# Determining wood grain direction



## Bwood (Nov 28, 2011)

I was wondering how you all determine wood grain direction specifically rift cut. I was making cuts with my stanley no 78 on red oak and wow it makes way easier cuts when the grain is right vs against the grain. I have been taking small swipes with my no 5 1/2 and when the result is smooth I know its the right.


----------



## scsmith42 (Jan 24, 2011)

I feel the surface of the board with my fingers. Whichever direction it feels the smoothest is the direction that I plane.


----------



## Bwood (Nov 28, 2011)

Thanks scsmith. Sounds like I am doing it right then.


----------



## firemedic (Dec 26, 2010)

Look at the board :smile:

I don't understand the trouble. Are you able to identify grain run out from visualizing the lumber? Some times it can be tough to find if it's all rough sawn. Thats when you make a pass on the edge and take a look... Just as it sounds you are doing.


----------



## Bwood (Nov 28, 2011)

Well I dont have problems with plain saw its when you get to that straight grain rift sawn. The grain is straight and all looks the same!


----------



## WillemJM (Aug 18, 2011)

scsmith42 said:


> I feel the surface of the board with my fingers. Whichever direction it feels the smoothest is the direction that I plane.

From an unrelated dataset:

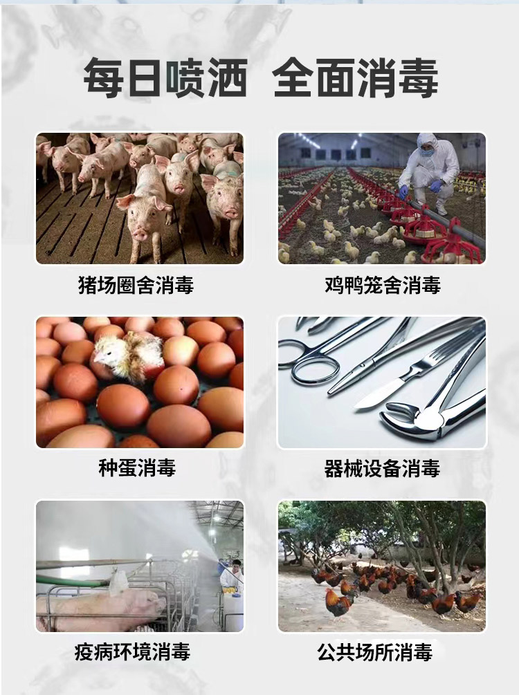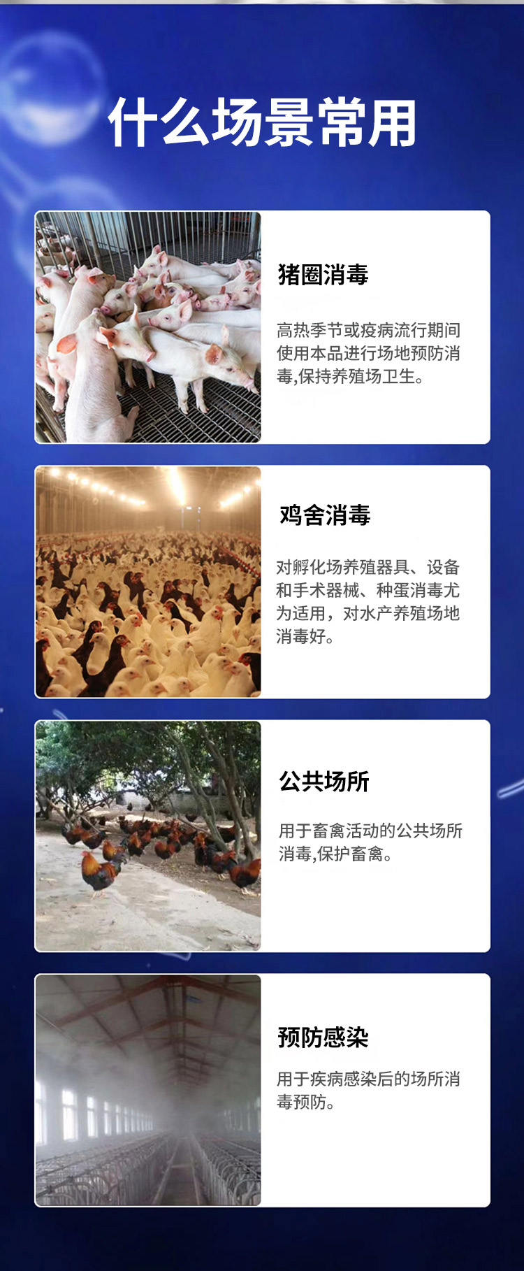 2适用于家畜口蹄疫、蓝耳病、烈性、温和性猪瘟、圆环病毒、蓝耳病、弓形体、附红细胞体、链球菌、传染性胃肠炎、流行性泻痢及无名症的传染性高热病等病毒性、细菌性疾病的消毒预防。

+1, when you can't see the grain pattern.

Sometimes one gets figured grain in all directions. It is still possible to get a good planed surface by changing the angles grinded on the plane iron, up to the point where it almost becomes a scraping plane.


----------



## firemedic (Dec 26, 2010)

Bwood said:


> Well I dont have problems with plain saw its when you get to that straight grain rift sawn. The grain is straight and all looks the same!


Ahh, missed that detail the first go around. I apologize. Rift sawn can be funny. Just have to try.

I sometimes rieve lumber, or split it with a froe, and it's kind of cool how you can plane in either direction because there is little or no run out even compared to rift sawn.

Good luck! What ya building?


----------



## Bwood (Nov 28, 2011)

I am building an addition on to my tv stand. But this also comes an issue with quartersawn african sepele. I run into this same issue as rift red oak. The rings are all the same direction and you can get tearout pretty easy. I just hate to waste wood by taking a swipe with my handplane just to determine direction.


----------